Schultenover and others at the company kept an eye on reports as pockets of coronavirus started to spread across the globe in the early days of the outbreak. “That’s when the conversation started around, ‘How can we do this?’” he said. “We realized our ability to pull this together.”
Back at Carroll, he found a passion for biochemistry implementation as a student. Since then, he has worked during his career in food science and medical research. He expanded his skills to IT and rose through management ranks at various companies. His positions have gone from being a beer chemist for the G Heilman Brewery in La Crosse to plastics and then to medical devices and pharmaceutical manufacturing, which landed him three years ago in Fremont, California with Thermo Fisher Scientific.
In his work, Schultenover ensures that Thermo Fisher Scientific is compliant with FDA regulations in the U.S. before sending a product out to market but also must make sure that the company follows international standards when distributing products around the globe. The company has divisions on every continent except Antarctica, he said. He supervises 74 employees divided between regulatory affairs, quality assurance, and quality control for production of the COVID-19 kits.
“I’m pretty far up the food chain. It’s my managers that oversee the people that take care of these activities and makes sure everything happens on schedule,” he said. “If something goes wrong, that’s when they come to see me.”
Ensuring an effective product on a quick turnaround
Thermo Fisher Scienfitic knew with its previous experience of using its AcroMetrix line—assay control products —that it could support the type of testing that would be needed with COVID-19, Schultenover said. The company already had experience applying the technology to previous diseases to include H1N1 and the SARS virus.
This, though, would require quick coordination between the company and federal authorities, particularly the FDA allowing an Emergency Use Authorization. The EAU bumped a typical approval of three months to five years up to a matter of days, but with assurance that the company would provide a safe and effective product, Schultenover said. After a week of calls between the regulatory and product development teams and FDA reviewers beginning the week of March 3, Thermo Fisher Scientific received its EAU approval on March 13.

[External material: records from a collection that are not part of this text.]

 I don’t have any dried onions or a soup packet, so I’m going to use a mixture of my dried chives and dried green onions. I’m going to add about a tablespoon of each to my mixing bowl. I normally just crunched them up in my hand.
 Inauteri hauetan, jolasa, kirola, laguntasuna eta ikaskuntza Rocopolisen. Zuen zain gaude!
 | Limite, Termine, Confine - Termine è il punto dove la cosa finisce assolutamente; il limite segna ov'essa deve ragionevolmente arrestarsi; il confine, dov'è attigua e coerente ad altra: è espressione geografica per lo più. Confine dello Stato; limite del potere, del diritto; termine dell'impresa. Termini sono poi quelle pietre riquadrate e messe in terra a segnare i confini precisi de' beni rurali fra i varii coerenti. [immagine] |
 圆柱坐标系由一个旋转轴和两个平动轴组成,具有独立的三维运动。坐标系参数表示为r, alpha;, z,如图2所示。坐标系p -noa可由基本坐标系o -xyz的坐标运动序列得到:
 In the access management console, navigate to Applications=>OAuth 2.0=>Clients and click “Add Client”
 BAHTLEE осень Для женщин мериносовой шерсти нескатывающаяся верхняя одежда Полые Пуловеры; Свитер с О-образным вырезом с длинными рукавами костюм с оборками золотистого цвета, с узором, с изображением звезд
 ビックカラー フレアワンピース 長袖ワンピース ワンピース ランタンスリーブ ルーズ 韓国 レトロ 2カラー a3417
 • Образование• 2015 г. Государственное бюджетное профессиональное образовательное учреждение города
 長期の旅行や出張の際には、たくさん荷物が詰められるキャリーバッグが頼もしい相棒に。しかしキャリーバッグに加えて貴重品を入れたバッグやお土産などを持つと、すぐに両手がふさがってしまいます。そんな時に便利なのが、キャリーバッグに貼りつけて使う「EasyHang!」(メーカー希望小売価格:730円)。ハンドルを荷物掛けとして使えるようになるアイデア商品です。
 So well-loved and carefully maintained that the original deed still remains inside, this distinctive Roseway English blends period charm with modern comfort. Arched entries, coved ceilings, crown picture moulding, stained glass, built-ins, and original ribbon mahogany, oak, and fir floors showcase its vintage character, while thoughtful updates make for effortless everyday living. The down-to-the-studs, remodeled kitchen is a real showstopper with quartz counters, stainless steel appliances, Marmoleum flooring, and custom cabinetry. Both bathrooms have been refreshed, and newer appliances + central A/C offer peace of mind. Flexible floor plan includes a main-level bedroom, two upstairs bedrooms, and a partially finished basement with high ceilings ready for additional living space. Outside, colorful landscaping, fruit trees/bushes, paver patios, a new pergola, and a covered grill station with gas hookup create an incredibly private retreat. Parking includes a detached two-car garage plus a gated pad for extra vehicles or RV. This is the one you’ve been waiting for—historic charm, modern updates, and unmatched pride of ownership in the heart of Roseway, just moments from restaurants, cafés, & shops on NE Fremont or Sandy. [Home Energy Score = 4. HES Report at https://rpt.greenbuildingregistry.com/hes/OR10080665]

“Under and EUA we can leverage a product used for another purpose and fast track it, so to speak, as we have data we can leverage for FDA to review and make the decision that the risk level is low enough compared to the benefit and they authorize its use for the immediate emergency,” Schultenover said.
How the COVID-19 test kit works
The Thermo Fisher Scientific kit replaces the three-day test with a test that is four hours or less, is automated, and can process many patient samples at one time. It looks for specific molecules and protein sequences unique to this virus for confirmation of presence in a patient sample, Schultenover explained. It is being now distributed in hospital and clinical labs with the needed automated equipment or where the medical technologist can acquire the equipment and use it per U.S. requirements and will be shared around the globe.
“We are producing thousands of kits a week and it is literally all-hands on deck. Everyone that is properly trained is helping fill, label and kit,” Schultenover said. “This includes me as the demand is so high, the need is immediate and we have to keep the other IVD products for therapeutic drug monitoring supplied globally as well since these needs are also still emanate.”
Thermo Fisher had 1.5 million test kits in stock but started producing 2 million per week after its EAU approval and planned to produce 5 million per week going into April, according to company CEO Marc Casper during an interview with Mad Money in March.
Schultenover said: “This will be our lives for the next several weeks as we do our part to help this country and the rest of the globe deal with diagnosing and treating those exposed.”